| Data |
--------------------------------------------------
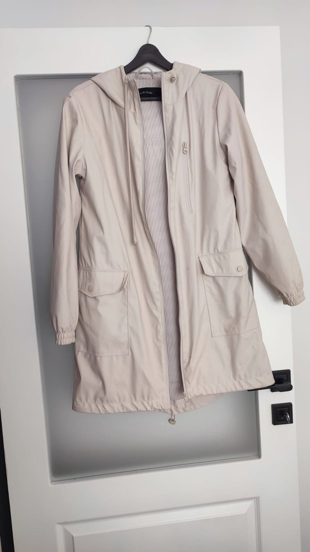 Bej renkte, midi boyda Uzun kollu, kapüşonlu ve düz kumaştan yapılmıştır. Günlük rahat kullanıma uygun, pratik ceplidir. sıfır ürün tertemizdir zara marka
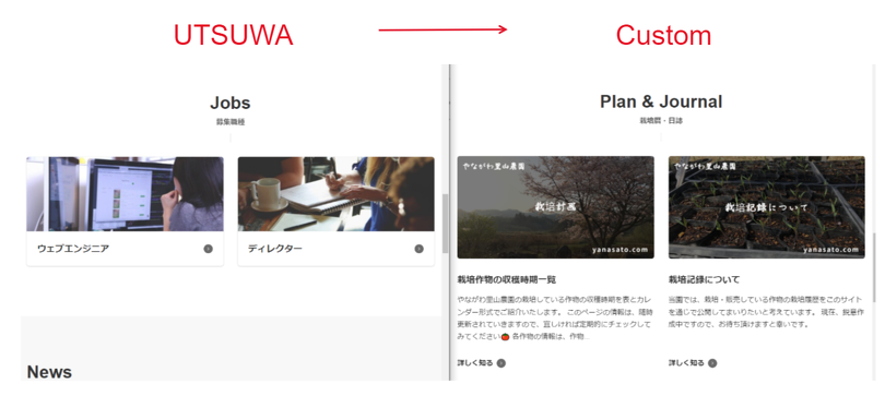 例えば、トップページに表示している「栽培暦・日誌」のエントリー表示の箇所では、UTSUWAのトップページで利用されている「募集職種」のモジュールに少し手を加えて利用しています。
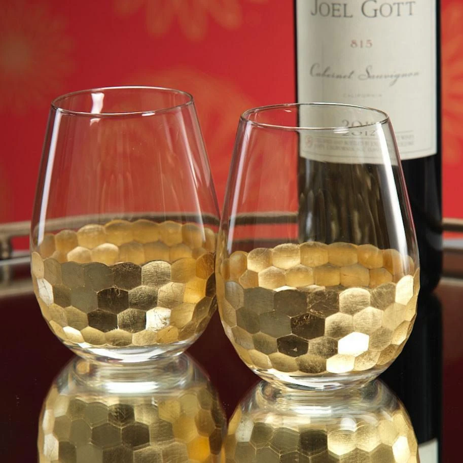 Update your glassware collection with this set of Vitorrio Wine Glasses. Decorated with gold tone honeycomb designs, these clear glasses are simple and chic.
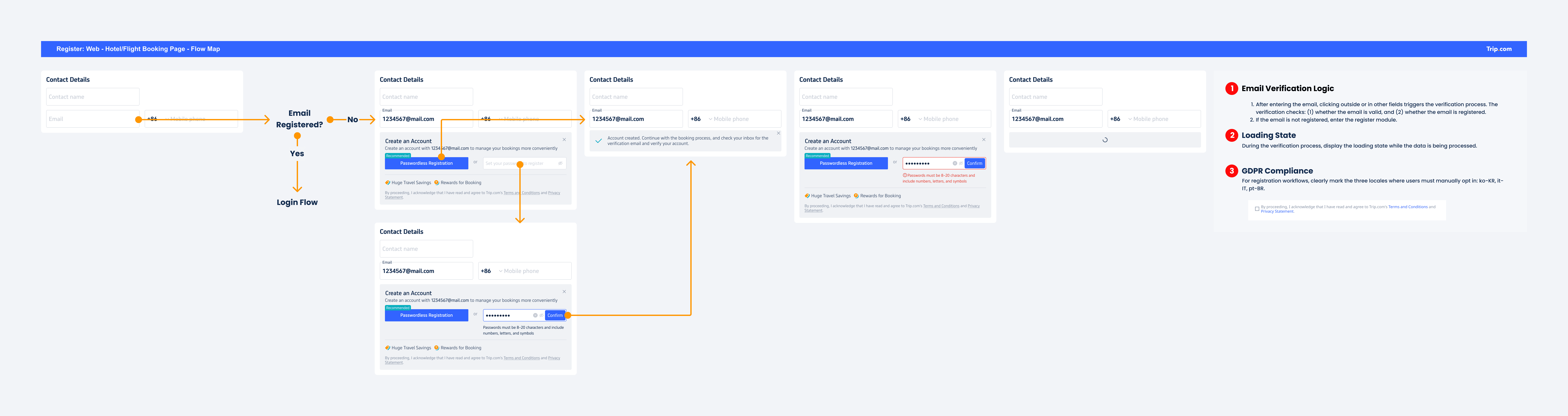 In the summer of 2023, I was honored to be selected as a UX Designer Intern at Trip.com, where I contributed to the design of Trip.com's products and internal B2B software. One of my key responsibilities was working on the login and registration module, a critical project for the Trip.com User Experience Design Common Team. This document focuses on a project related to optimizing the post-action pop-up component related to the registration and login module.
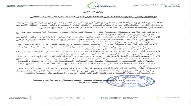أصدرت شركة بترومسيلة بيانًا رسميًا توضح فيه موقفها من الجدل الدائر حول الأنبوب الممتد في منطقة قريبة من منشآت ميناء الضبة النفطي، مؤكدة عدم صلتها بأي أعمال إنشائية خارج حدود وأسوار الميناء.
--------------------------------------------------
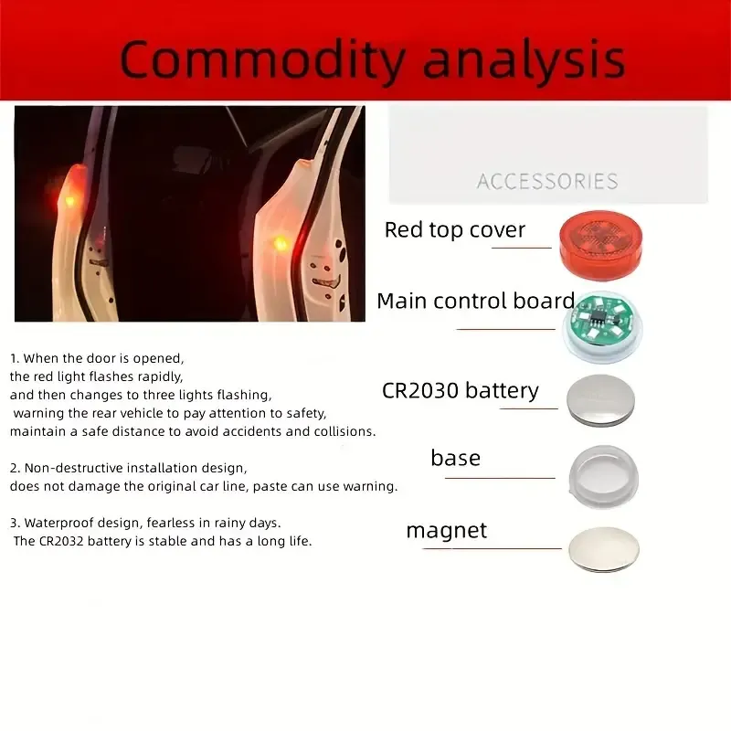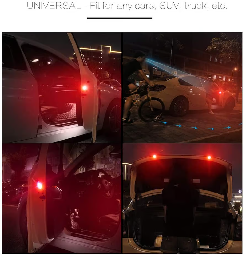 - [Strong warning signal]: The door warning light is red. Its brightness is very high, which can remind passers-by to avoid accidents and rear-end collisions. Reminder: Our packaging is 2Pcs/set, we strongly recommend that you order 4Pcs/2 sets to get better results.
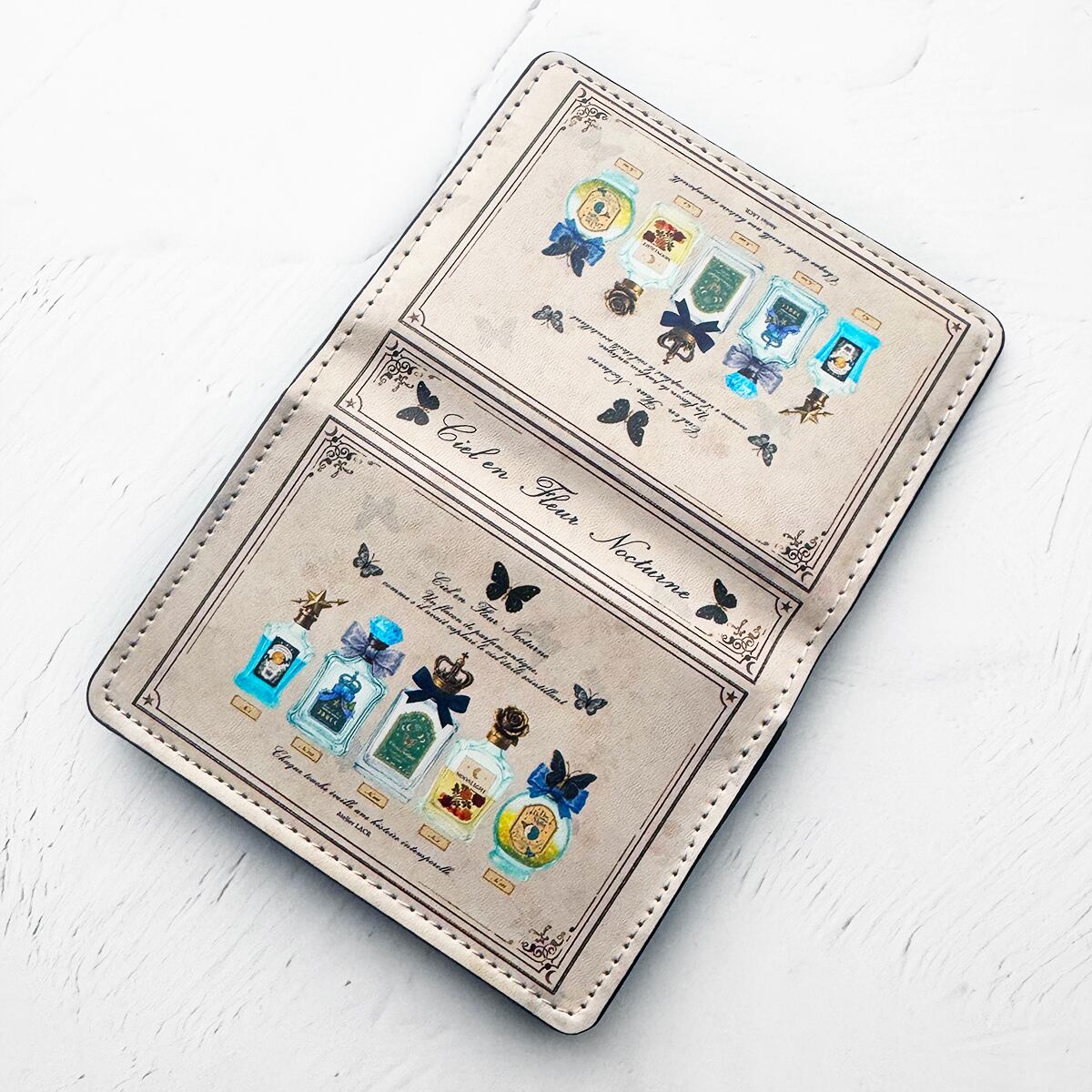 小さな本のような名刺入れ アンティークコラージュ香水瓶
--------------------------------------------------
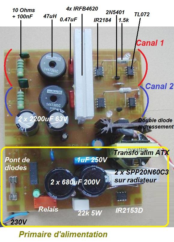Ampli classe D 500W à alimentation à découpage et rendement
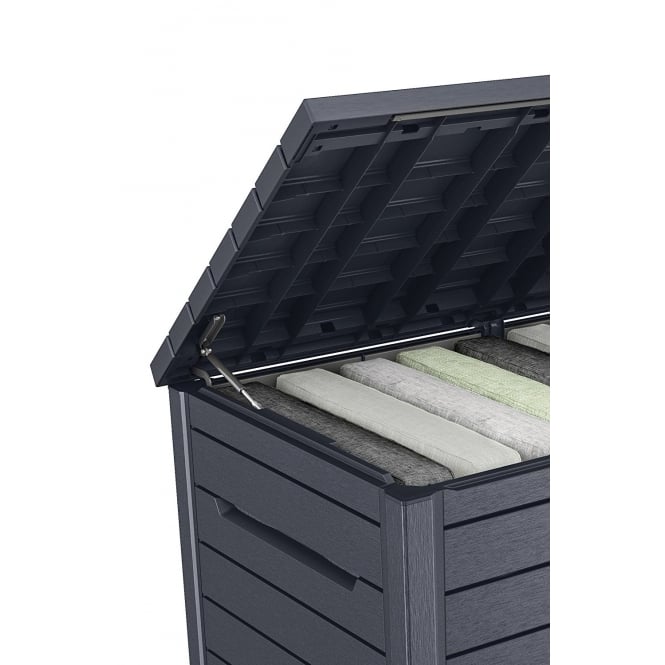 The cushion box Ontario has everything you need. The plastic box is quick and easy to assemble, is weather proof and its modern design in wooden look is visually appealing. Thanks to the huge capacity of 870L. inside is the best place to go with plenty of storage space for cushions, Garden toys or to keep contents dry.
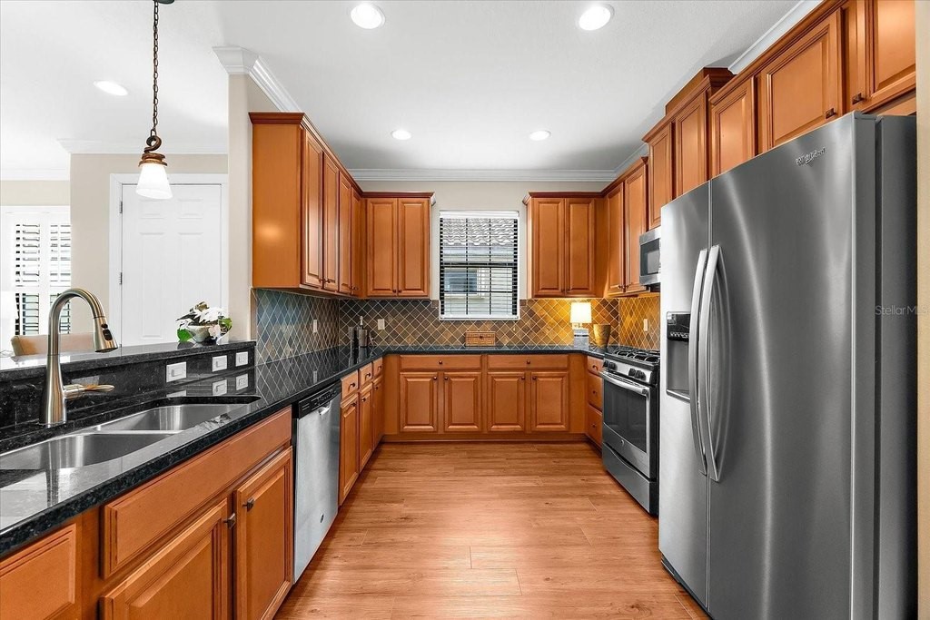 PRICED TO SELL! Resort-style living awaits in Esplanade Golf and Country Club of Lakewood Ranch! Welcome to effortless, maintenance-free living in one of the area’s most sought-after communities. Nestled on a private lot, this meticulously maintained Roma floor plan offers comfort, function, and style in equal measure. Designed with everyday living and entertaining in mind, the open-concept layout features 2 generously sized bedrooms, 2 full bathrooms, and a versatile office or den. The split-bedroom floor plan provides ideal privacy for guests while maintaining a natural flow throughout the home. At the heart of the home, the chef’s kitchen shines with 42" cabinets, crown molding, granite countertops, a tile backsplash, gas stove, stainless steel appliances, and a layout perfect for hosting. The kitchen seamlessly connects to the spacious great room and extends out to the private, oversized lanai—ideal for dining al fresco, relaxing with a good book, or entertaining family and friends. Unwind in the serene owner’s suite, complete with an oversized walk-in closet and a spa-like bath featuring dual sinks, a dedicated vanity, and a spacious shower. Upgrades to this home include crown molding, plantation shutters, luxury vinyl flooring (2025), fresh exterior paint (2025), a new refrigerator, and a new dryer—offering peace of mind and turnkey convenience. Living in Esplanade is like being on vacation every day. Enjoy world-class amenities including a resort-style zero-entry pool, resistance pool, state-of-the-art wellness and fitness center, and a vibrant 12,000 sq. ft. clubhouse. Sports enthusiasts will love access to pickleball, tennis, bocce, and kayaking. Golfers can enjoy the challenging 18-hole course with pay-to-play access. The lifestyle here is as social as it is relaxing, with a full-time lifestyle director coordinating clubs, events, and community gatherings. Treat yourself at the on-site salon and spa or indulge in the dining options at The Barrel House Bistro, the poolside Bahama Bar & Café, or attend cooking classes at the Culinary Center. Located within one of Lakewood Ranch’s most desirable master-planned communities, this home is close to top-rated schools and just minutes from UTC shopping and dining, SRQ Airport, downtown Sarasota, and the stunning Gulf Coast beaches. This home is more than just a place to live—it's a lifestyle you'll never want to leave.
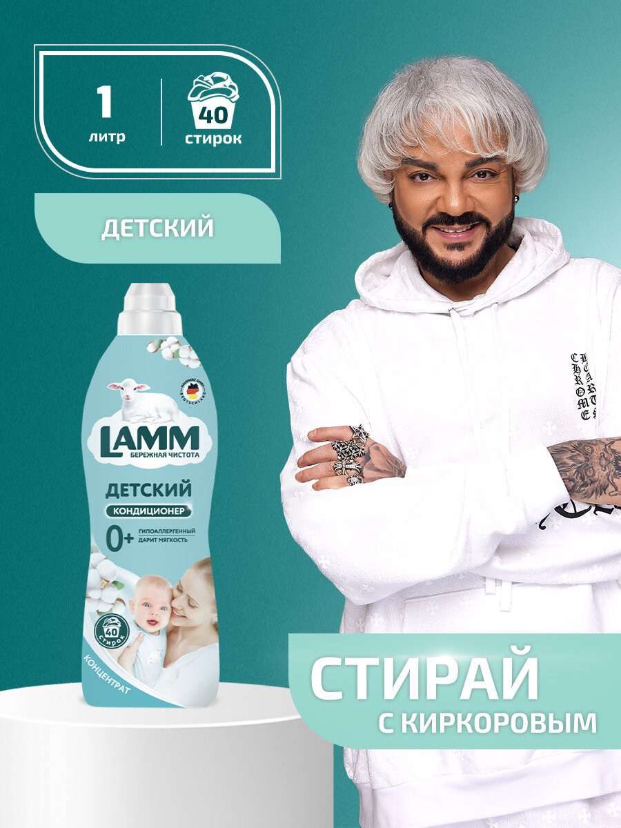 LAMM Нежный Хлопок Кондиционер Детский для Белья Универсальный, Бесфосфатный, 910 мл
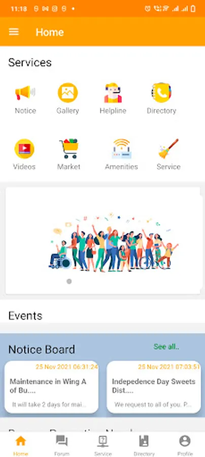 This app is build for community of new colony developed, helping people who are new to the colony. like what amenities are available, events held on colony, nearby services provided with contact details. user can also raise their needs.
--------------------------------------------------
| What is needed |
Copy the lines above exactly, starting with the line that contains "Bej renkte, midi" and ending with the line that contains "Update your glassware", and leave out any pictures.

| Reply to the task |
 Bej renkte, midi boyda Uzun kollu, kapüşonlu ve düz kumaştan yapılmıştır. Günlük rahat kullanıma uygun, pratik ceplidir. sıfır ürün tertemizdir zara marka
 例えば、トップページに表示している「栽培暦・日誌」のエントリー表示の箇所では、UTSUWAのトップページで利用されている「募集職種」のモジュールに少し手を加えて利用しています。
 Update your glassware collection with this set of Vitorrio Wine Glasses. Decorated with gold tone honeycomb designs, these clear glasses are simple and chic.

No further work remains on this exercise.